The house stands in the ocean block of Brazilian Avenue, three streets north of Worth Avenue. On a third of an acre, the Mediterranean-style exterior features a stucco façade, decorative surrounds framing the front door and some of the windows, arched details and a barrel-tile roof.

Inside, the library and living room are east of the entry and stair hall, with the dining room, kitchen and family room to the west. From the second floor stair landing, the master bedroom suite is to the east, while two guest bedroom suites are on the opposite side. On the third floor, accessed via a circular staircase, is another guest bedroom suite.

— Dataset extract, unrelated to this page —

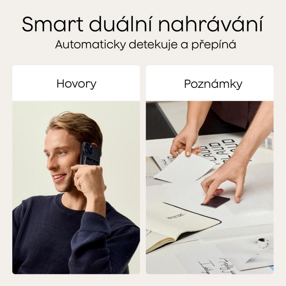 - Automatický duálny režim nahrávania – hlasové poznámky alebo telefonické hovory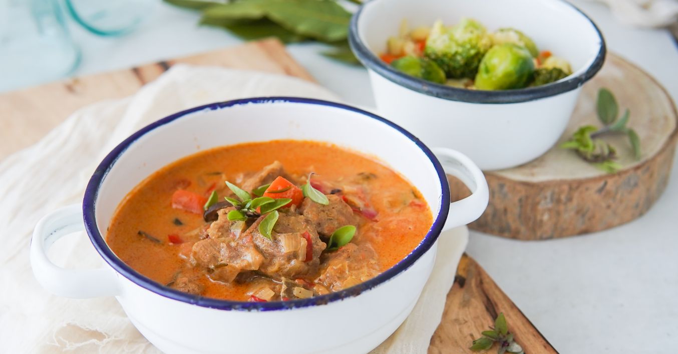 Mrkvu očistíme a nakrájame na hrubšie krúžky. Vo väčšom hrnci roztopíme lyžicu masla (prípadne olej alebo masť). Bravčové kocky orestujeme zo všetkých strán dohneda. Potom pridáme mrkvu, pretlačený cesnak, bobkový list, paradajkovú pastu a najemno nakrájanú šalotku. Všetko premiešame a restujeme niekoľko minút.

Features include marble flooring in the entry. Other floors are covered in oak or the original Miami Dade pine. The renovation included the installation of mahogany-framed windows fitted with impact-resistant glass.
In the living room, the mantel on the gas-powered fireplace was carved from marble, and a bank of French doors opens to the pool area.
A special highlight of the well-equipped kitchen is a LaCanche stove from France.

In the master bedroom, which has a wood-burning fireplace, doors lead onto a private terrace, and the master bathroom is finished with a Carrara marble floor and walls covered in Thassos marble. The vanities, prefabricated from Restoration Hardware, resemble furniture.

A swimming pool and patio are central to the property, with the guest house near the southernmost boundary. Here, on the first floor, the living room, kitchen and bathroom adjoin two one-car garages, and upstairs are two bedrooms and a bathroom. Floors are either tiled for covered in Dade County pine.
The Soanes redid the landscaping, reconfigured the pool and installed coral stone for the hardscape.
The overall effect, Zoya says, is a house that appears to be one with its original era.
“When people walk in, they don’t have a clue that everything has been redone because I wanted it to feel like a classic 1920s house,” she says.